I believe I might have some insight into the steps to reproduce. When creating my index, I inadvertently set up my bundles backwards -- I didn't realize the default was to "index all BUT the selected", rather I selected the (2 of 8) bundles I wanted to index.

While setting up my fields, I noticed that I wasn't seeing the right options for rendered_html view modes (I was seeing bundles I wasn't expecting), which is when I realized my error. I went back and changed the radio button to index only the selected bundles.

When I went back to index my content, this issue was present; it seems like it got confused by my messing with the config.

drunken monkey’s picture

Status: Active » Postponed (maintainer needs more info)

Sorry, I still can't reproduce this. No matter with what content types I create the index, and how I edit them, the tracking info keeps being correct for me.
I'd really need a failing test case, or some steps to (reliably!) reproduce this.

marcvangend’s picture

Re #16: Just a guess, maybe it has to do with config synchronisation. At least in my case, the problem occurred after a co-worker had excluded certain node types from the index, exported/committed/pushed the config, and I pulled in the changes.

drunken monkey’s picture

Re #16: Just a guess, maybe it has to do with config synchronisation. At least in my case, the problem occurred after a co-worker had excluded certain node types from the index, exported/committed/pushed the config, and I pulled in the changes.
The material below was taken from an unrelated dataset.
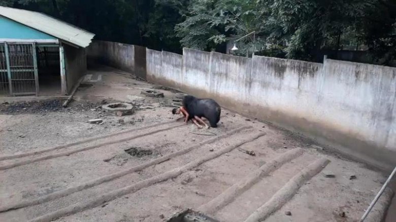 Свидетели инцидента запечатлели шокирующую картину, как дикий зверь наказывал мужчину, истязая его на своей территории.

How does "pulling in changes" work in your setup?
I just tried it once again, and it works flawlessly through Drupal's own "Synchronize" tool at admin/config/development/configuration.

marcvangend’s picture

My standard procedure for pulling in changes:

git pull
drush updb
drush cim -y
drush cr

On practically every project we use the Config Split module, not sure if that makes a difference.

drunken monkey’s picture

Component: General code » Drush / Rules
Status: Postponed (maintainer needs more info) » Needs review
FileSize
424 bytes

For me, that works just the same as the Core "Synchronize" UI and only fails to already execute the tasks batch (since that works a bit differently in Drush). I either have to go to the site's "Status report" or the Search API overview page to see there are pending tasks and execute them, then everything is fine, too.

If the whole problem is just executing these tasks automatically, you should have just said so and saved all of us a lot of time. The attached patch should implement that, please tell me if it works for you.

marcvangend’s picture

you should have just said so and saved all of us a lot of time

I'm sorry that you feel like your time was wasted. But personally, I'm a bit offended by the tone of voice here. I had no idea that something like a Search API tasks batch even exists, and if I did, I probably had not expected to find it on the status report page. We're all trying to help here, just like I know you do, and no one is withholding relevant information on purpose.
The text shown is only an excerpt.